I didn't know if you could sand the edges of safety glass with a belt sander. I tried it. You can. [cl
 
Last edited:
Yes, you can. Just use a fine grit.

Well, I was using 40 grit. It was chipping a little, but the glass is already cracked in several places. I could go back over with a finer grit and it would clean up I think, but I was just trying to remove the dangerous edge.
 
Sam you can get real good results sanding the edge of laminate safety glass
with a belt sander using fine grit belts but MAKE SURE you keep a constant stream of water on the belt to keep cool!
When finished, dry and then wipe bees wax on edge for polished look!
 
So what exactly does the water do? Keep it from cracking or keep it from chipping? I didn't use water, but didn't sand in one spot for more than 10 seconds or so. I also would stop and let it cool after a couple minutes. No problems.

It seems to me safety glass takes spot heat fairly well? Maybe that's why it was chipping, but I was blaming that on the 40 grit. Pinpoint heat like from a saw I could see causing problems.
 
YEP ! water is to keep it cool!
I worked in the glass business for 9 yrs doing everything from residential to storefronts and auto!
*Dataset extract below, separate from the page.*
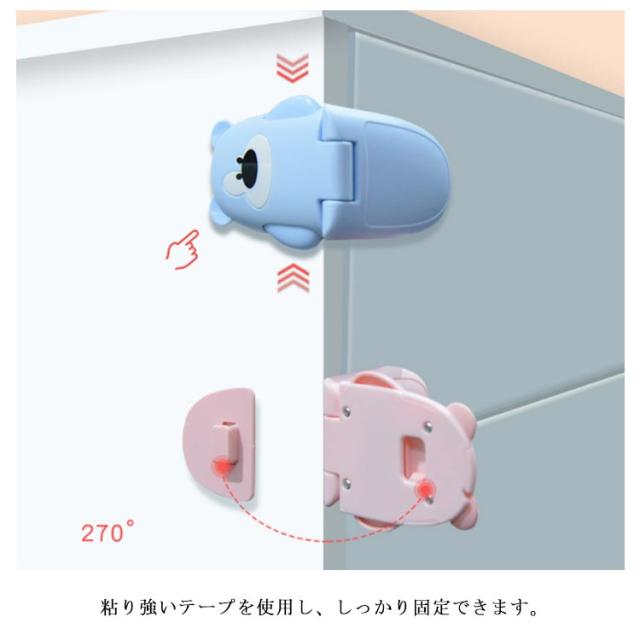 | 赤ちゃんの指挟み防止、いたずら対策・地震対策に♪ 片手で簡単に開け閉め出来ますが、赤ちゃんにとっては開けにくい仕組みになっています。 戸棚、ベビーゲート、本棚、デスク周りの引き出し等に取り付けておくだけで事故を防げます。 | |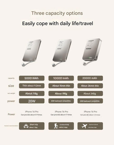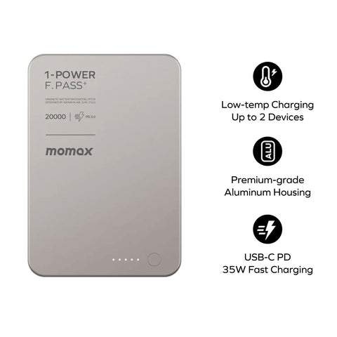 The Momax 1-Power F.Pass⁺ Battery Pack combines convenience and efficiency with its built-in cable and magnetic attachment, providing a seamless charging experience. Its compact design ensures easy portability, while the integrated cable reduces clutter and the magnetic feature securely holds the pack in place during use. Ideal for professionals on the move, it delivers reliable power backup without the need for extra accessories.

We had an upright wet-belt sander that we used to do laminate on autos and plain plate glass for table tops ect.
If you grind with belt sander and round the edge like on door glass and make slick with bes wax that is called "having a pencil edge"
Water will keep it cool! lots of cold water!
 
The water also helps keep the linishing belt clean, prolonging life and finish. If you are cutting lam glass, after scoring and cracking the glass, pour metho on the cut and light it. While it's burning, pull the two pieces apart. The fire softens the laminating sheet enought to allow the cut to separate cleanly.
I once had to linishing around 3 inches off the top of a Nissan 240K sedan screen so I could fit it into a coupe. What a job!